New Pugwash Library Opens on Monday
The new $2.198-million Pugwash Library will open its doors to the public on Monday.
While the official opening is set for late July as a big celebration during Harbourfest, the new library will open for business with a completely new book collection and an excitement to match.
It has been more than ten years in the making as library officials struggled to provide modern services in the very old train station. It was too small and unsuitable for a library, though many have fond memories of time spent in the sometimes inhospitable surroundings, going back to 1988.
Staff were sometimes seen wearing their coats and gloves during the winter season, and while efforts were made to improve the inner environment, there was no doubt a new facility had to be built.
Enter the new area councillor and the new county mayor. Jennifer Houghtaling and Murray Scott championed the cause.
After countless meetings, studies, and drawings in an effort to build a multi-purpose officials concluded the community could not afford what the project had become. Mayor Scott asked, “What can we afford?”
The earlier effort found favour with some funding agencies, but not enough to sustain the project. The mayor suggested the project be dramatically streamlined to provide the basic library which was the objective in the first place.
Councillor Houghtaling maintained direct contact with the grass roots movement and led discussion at county council. In the end, council agreed the need and the long-standing promise had to be filled and the library project moved into high gear and is now ready to welcome its first patrons.
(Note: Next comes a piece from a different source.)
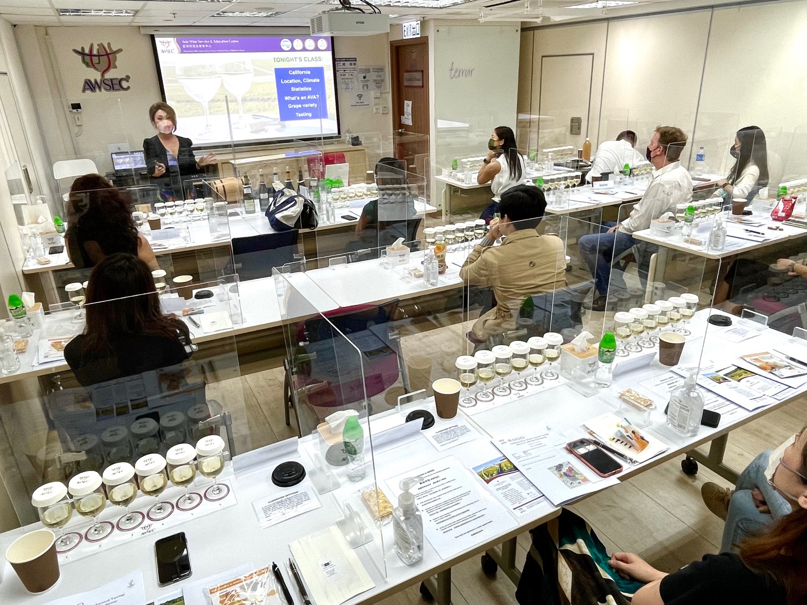 AWSEC主要教授葡萄酒與烈酒教育基金會(WSET)葡萄酒、清酒和烈酒課程,AWSEC市場部經理Andrew及客戶服務經理Jan表示,WSET葡萄酒一直深受歡迎,「這個課程分一至四級,一級課程屬於入門級,學習葡萄酒的基本知識,如儲存葡萄酒的技巧及侍酒方式,適合餐飲或零售行業新人報讀。二級課程涵蓋所有酒精類飲品的廣泛知識,包括葡萄品種、主要產酒國、葡萄栽培、釀酒過程及品酒技巧等,三級課程則會更強化二級課程的知識,而第四級課程是學習世界上所有酒類,包括葡萄生長過程、如何製作葡萄酒、葡萄酒生意營運模式等,學生必須獲得擁有WSET三級葡萄酒高級證書或WSET三級葡萄酒及烈酒高級證書」。Andrew及Jan補充,全中國只有三間中心提供四級課程,AWSEC每年才開班兩次,所以學生要留意開班日期。
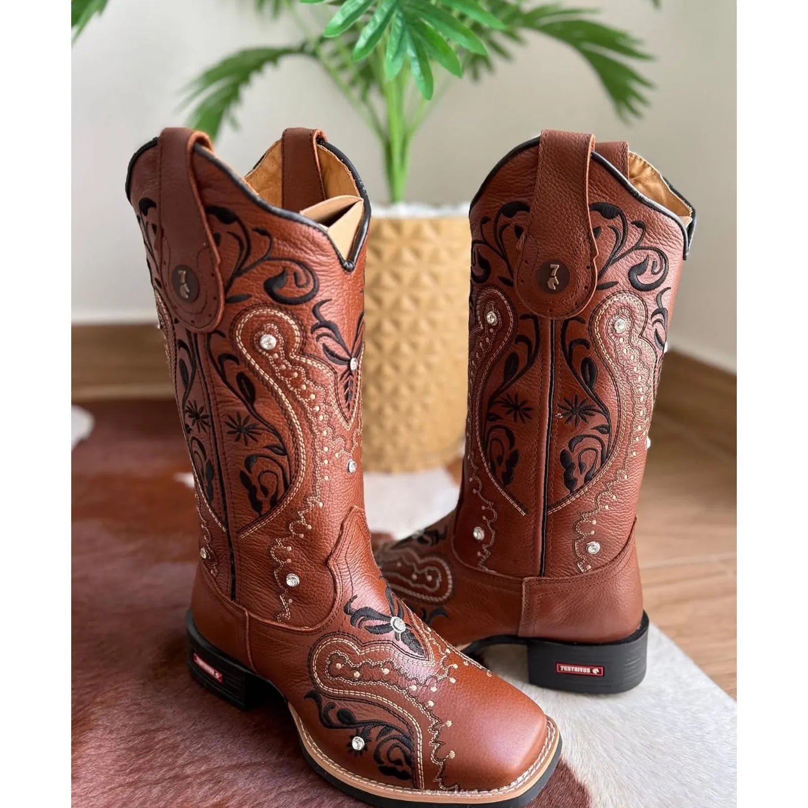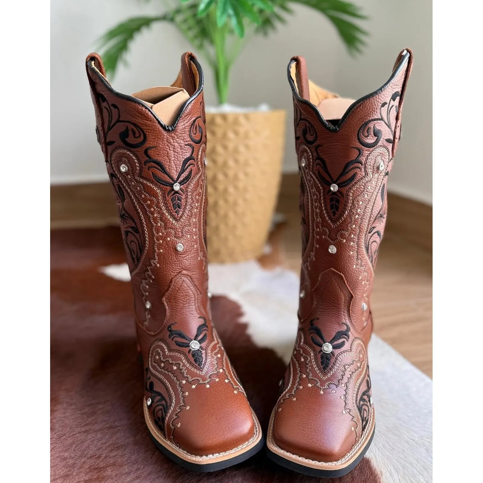 Bota Texana – Couro Látego Bordado Florência Preto e Bege Com Strass

The community wasn’t simply sitting by expecting a free library. When asked to raise $500 thousand for the project, a funding campaign gathered nearly $600 thousand in a matter of weeks. Clearly, it was a project that had reached its time.
Work on the 3,900 square foot building began early last year.
The county’s project manager, Roger MacIsaac, says, “A year ago, this project was just a concept that had existed for four or five years. It’s gone from that concept to reality.” MacIsaac thanks the contractor, Iron Maple Construction, “It really is a credit to Iron Maple. They were great to work with and despite a few hiccups along the way they always came up with solutions to get the project completed with the community in mind.”
The library in the train station was one of the smallest in the seven-branch library system, but it remained among the busiest. Officials anticipate activity in Pugwash will grow even more in the new facility. The success of the local fundraising effort showed the true “library community” was much larger than the village, extending all along the Northumberland Strait and inland to Oxford and area.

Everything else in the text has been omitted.